I'm trying to find the pH change of adding 0.001 mol of HNO$_{}3$ to a buffer solution containing 0.24 M HF and 0.55 M NaF in 0.100 L.

K$_{}a$ = 3.5E-4 therefore pK$_{}a$=3.47

Homework Equations

pH=pK$_{}a$+log$_{}10$[base]/[acid]
(Henderson-Hasselbach equation)
and of course
-log$_{}10$(H$^{}+$)=pH

The Attempt at a Solution

I've tried an ICE table but my best guess for a solution was
0.01 M H+ (from HNO$_{}3$) react with the F$^{}-$ base ions to form HF.
.55 M( fluoride ions)-.01 M( hydronium)=.54 (final fluoride ions)
0.24 M (HF) + 0.01 M (HF produced from above reaction) = 0.25 M HF
So,
pH=3.47+log$_{}10$(.54/.25)
pH=3.80

The answer that is supposed to be correct is 3.79... is this just a sig figs error or did I mess up along the line because I needed exactly 3.79 to be the pH

Sorry if I did anything wrong, I'm new to this forum! (:

 

[Borek]

Don't use LaTeX just for subscripts - it doesn't work. It is better to either enter the expression entirely as LaTeX - so pK_a will look like $pK_a$ or to format it using [noparse][/noparse] and/or [noparse][/noparse] tags - so [noparse]HNO₃[/noparse] will become HNO₃.
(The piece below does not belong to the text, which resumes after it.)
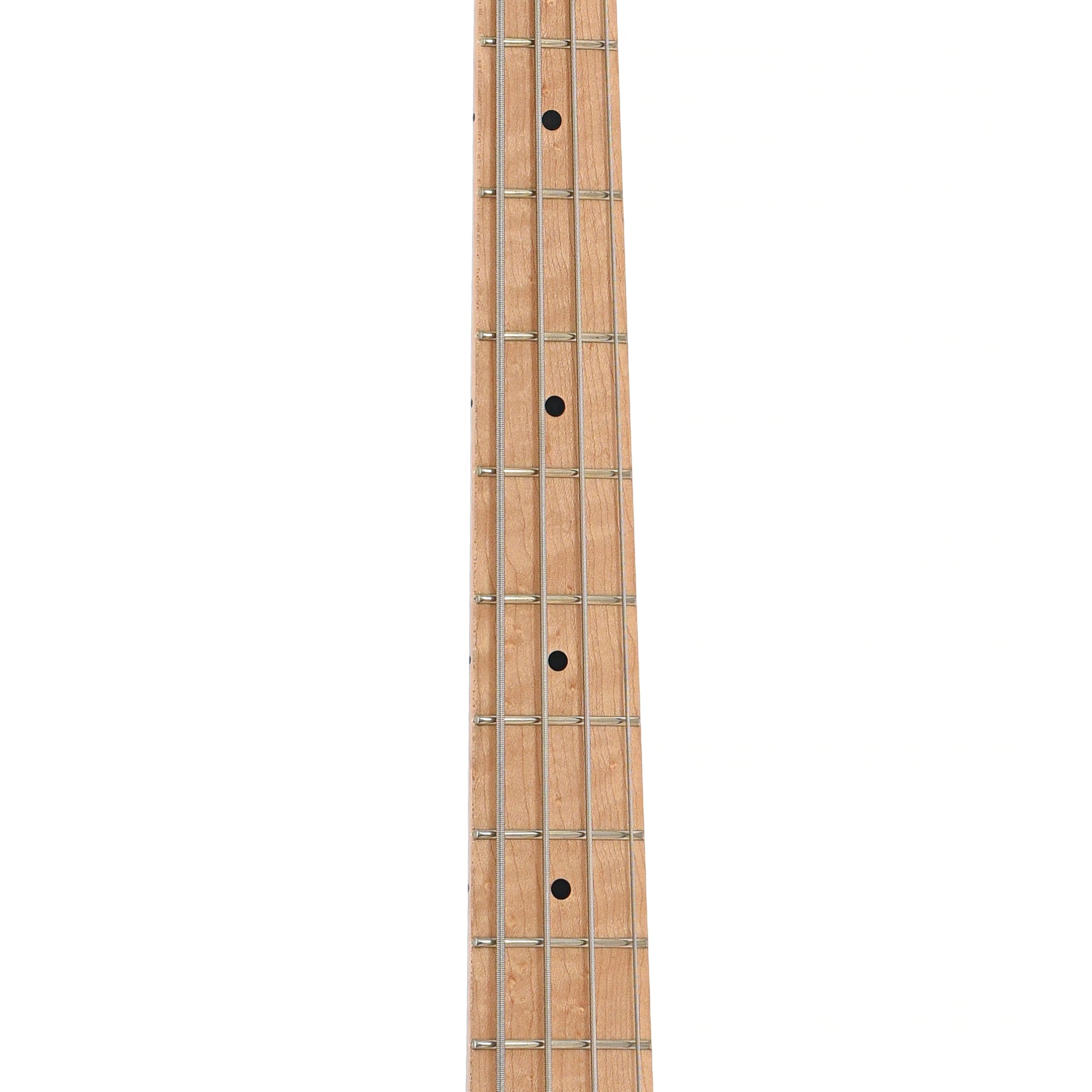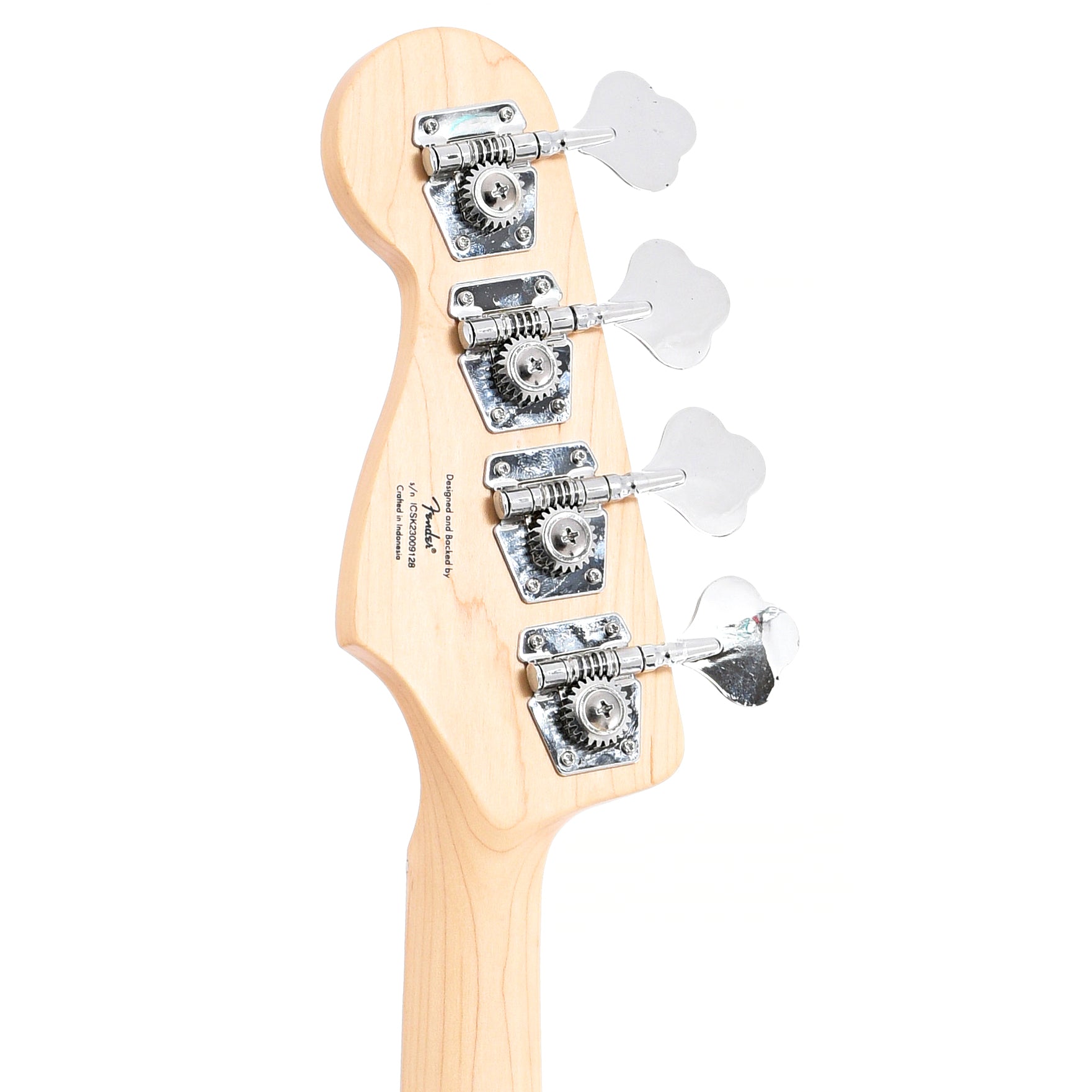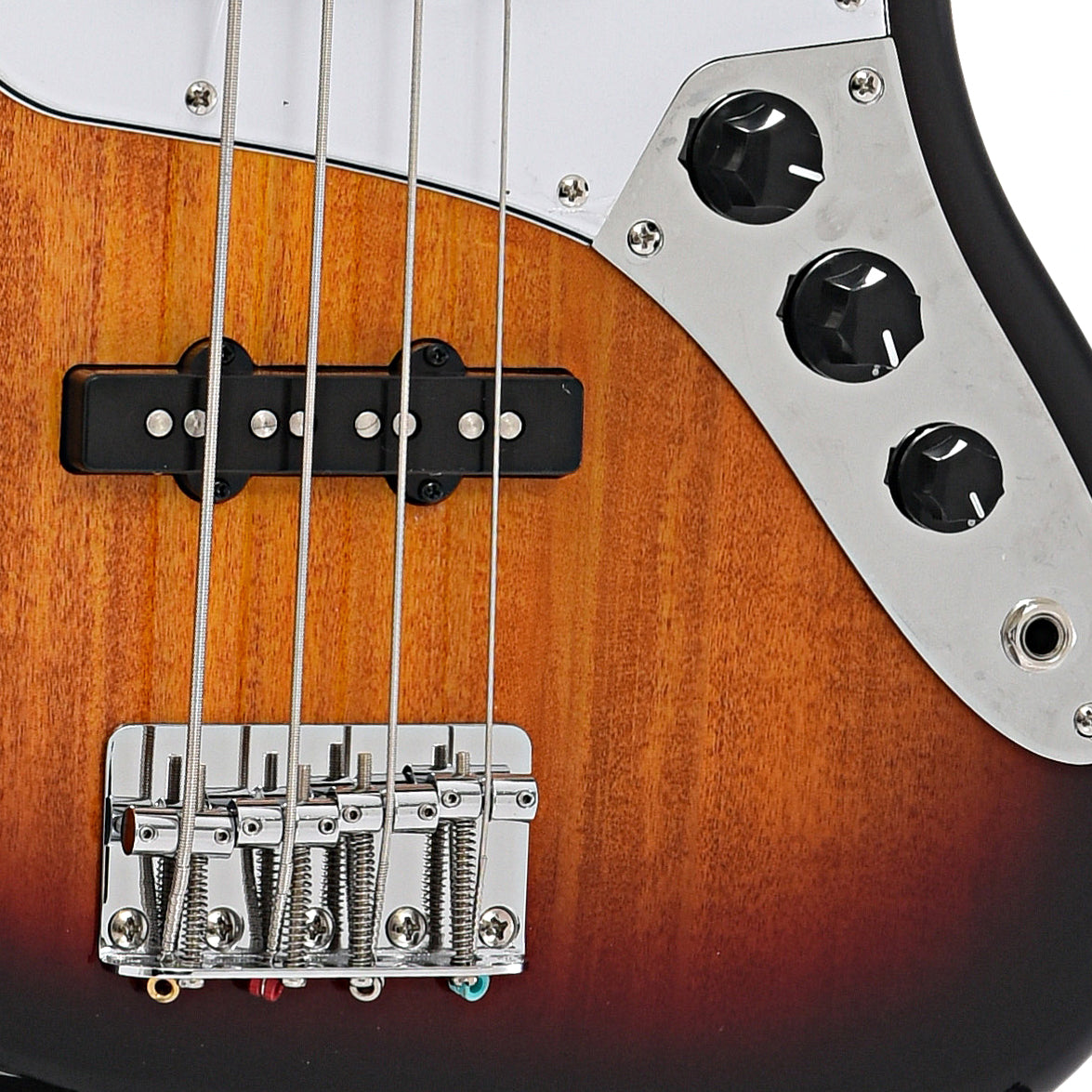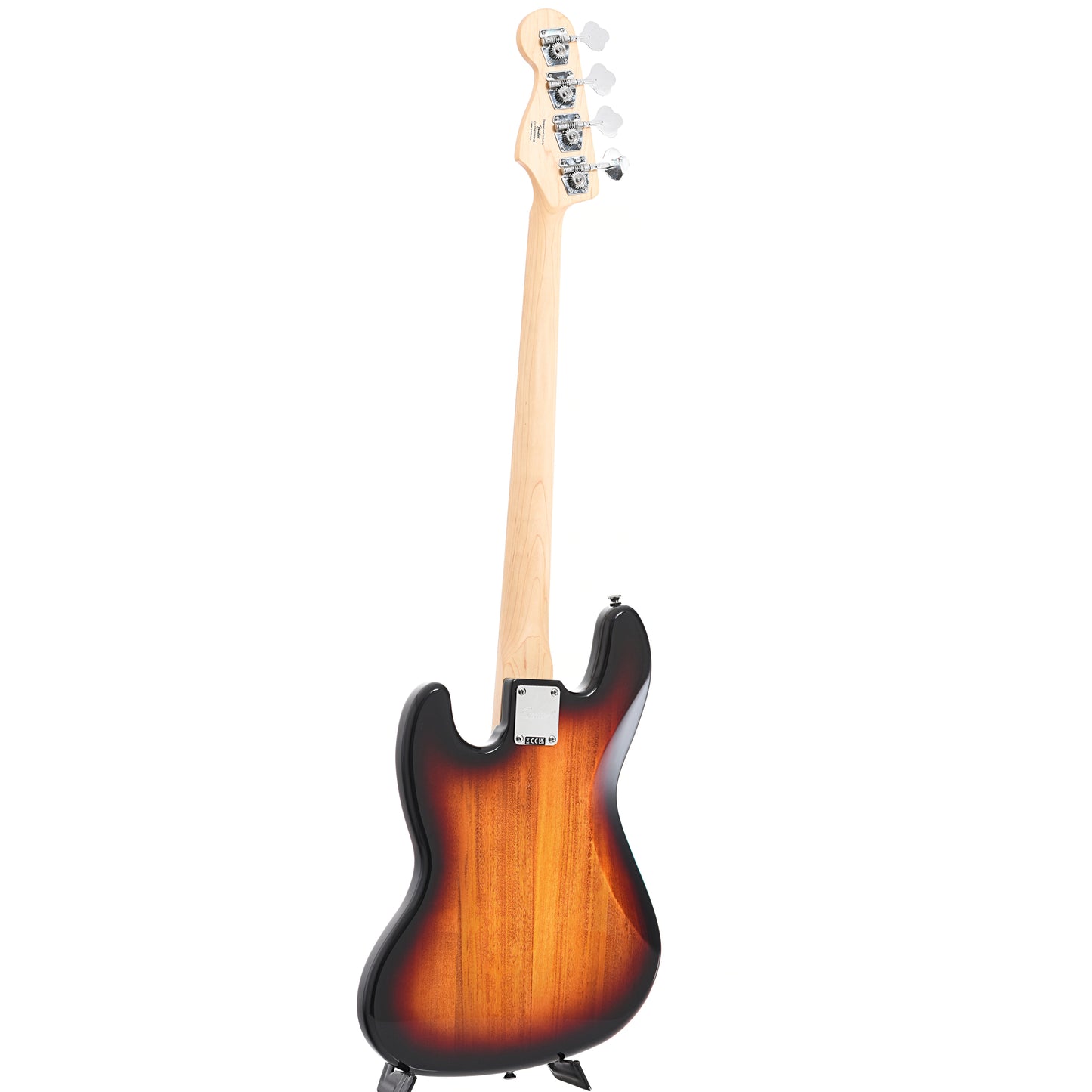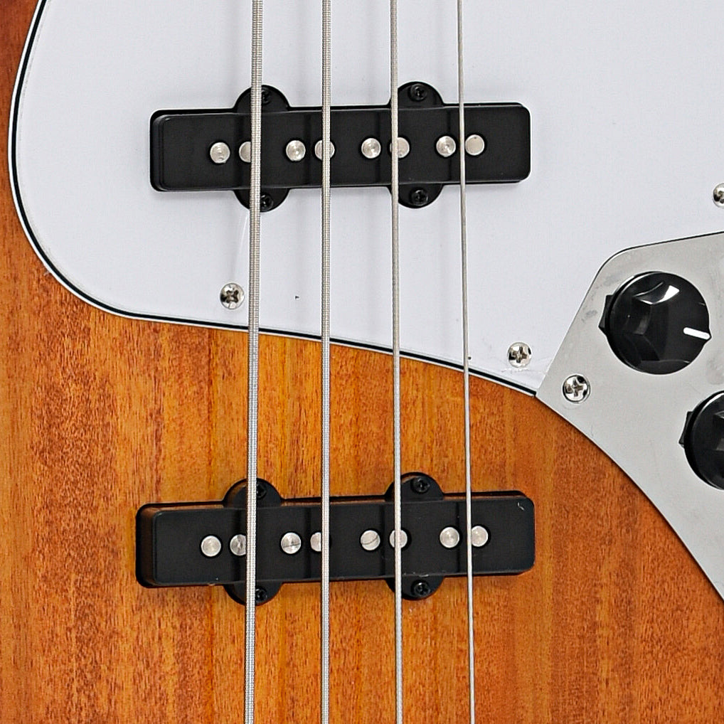 Brown sunburst poly finish, alder body, C-shape maple neck, laurel fingerboard with 20 medium-jumbo frets, 9.5" radius, 34" scale length, 1.50" nut width, single-coil Jazz Bass bridge and middle pickups, 2 volume, 1 tone, standard open gear tuners, 4-saddle bridge, chrome hardware and a 3-ply white pickguard. Less case, made in China.

Your approach is correct, just 3.47 is not correct enough. Try to calculate

$$-log(3.5\times 10^{-4})+log(\frac {0.54}{0.25})$$

in one step, or at least without rounding down intermediate values.

Note, that 3.79 doesn't make much sense - neither concentrations nor Ka are given with accuracy high enough to justify giving answer with three significant digits. We often report calculation of pH with two decimal digits, but we rarely should.